Prima di tutto, osserviamo come si sono comportate le Aziende di servizi per le varie utenze fornite a privati e aziende, professionisti, associazioni. Ebbene, non hanno cambiato una virgola nell’emissione della fattura, che contiene gli stessi dati che le varie utilities possedevano già nelle proprie anagrafiche.

Ciò è sorprendente! Ma allora il codice destinatario? Il codice alfanumerico di 7 caratteri, per nulla mnemonico in cui lo zero viene sempre immancabilmente confuso con la O, perché lo dobbiamo ricordare a memoria?

In effetti è bene precisare che non è obbligatorio indicare il codice destinatario in fattura, né inserendolo correttamente in fattura siamo certi che la fattura sia recapitata senza errori al destinatario voluto. Il sistema di interscambio infatti richiede che il codice fiscale, e la partita IVA se indicata, siano presenti in anagrafe tributaria e, verificati positivamente gli altri requisiti formali della fattura, la mette a disposizione in un’apposita area dedicata al destinatario corrispondente al codice fiscale indicato in fattura.

Allora è inutile?

Per niente, anzi è utilissimo se usato nel modo corretto.

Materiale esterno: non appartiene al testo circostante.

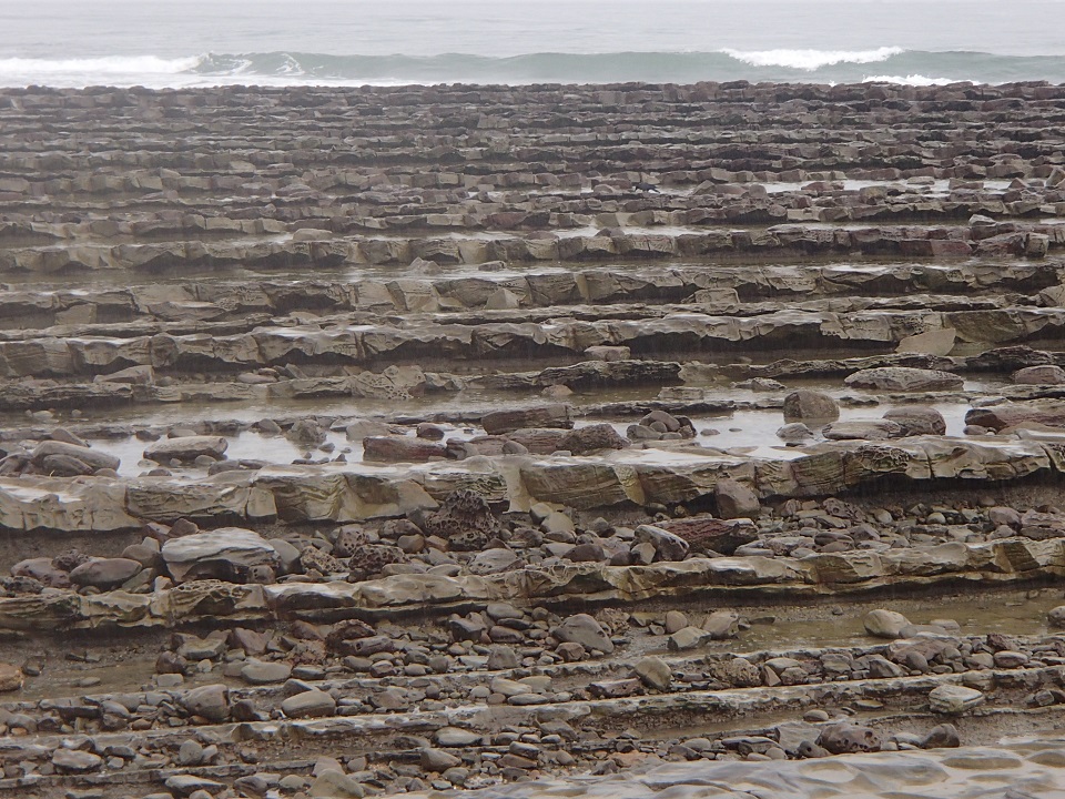 太平洋の荒い波の打ち寄せる海岸にまさに洗濯板のように凹凸のある岩盤が広がっておりました。

Allora è utile leggere le specifiche tecniche emanate dal Direttore dell’Agenzia delle Entrate, per capire che la procedura seguita dal Sistema di Interscambio nella elaborazione delle fatture elettroniche, rispetta la seguente sequenza:

  1. se il soggetto ricevente ha l’indirizzo telematico al quale desidera ricevere le fatture elettroniche, provvede al recapito secondo le indicazioni fornite;
  2. se l’elemento informativo del file fattura CodiceDestinatario contiene un valore corrispondente ad un canale di trasmissione attivo, inoltra il file fattura al canale individuato.

Questo vuol dire che se il cessionario della fattura ha associato alla propria partita IVA un indirizzo telematico (codice destinatario), registrato all’Agenzia delle Entrate, qualsiasi valore sia stato specificato in fattura sarà ignorato. Quindi l’essenziale è registrare il codice destinatario sul sito dell’Agenzia delle Entrate .

Un ultimo accorgimento: per permettere al SdI di recapitare senza errori la fattura, è necessario comunicare al fornitore la propria anagrafica fiscale corretta. Sembra banale, ma sempre in base all’analisi degli errori esaminati dal nostro customer care è importante ricordare che:

  • Le aziende devono comunicare sia codice fiscale che partita IVA, soprattutto se diversi.
  • I liberi professionisti e le ditte individuali, oltre alla partita IVA devono comunicare il codice fiscale del titolare dell’attività.
  • Le associazioni non in possesso di partita IVA, devono comunicare solo il codice fiscale.

Una verifica col proprio commercialista può essere utile.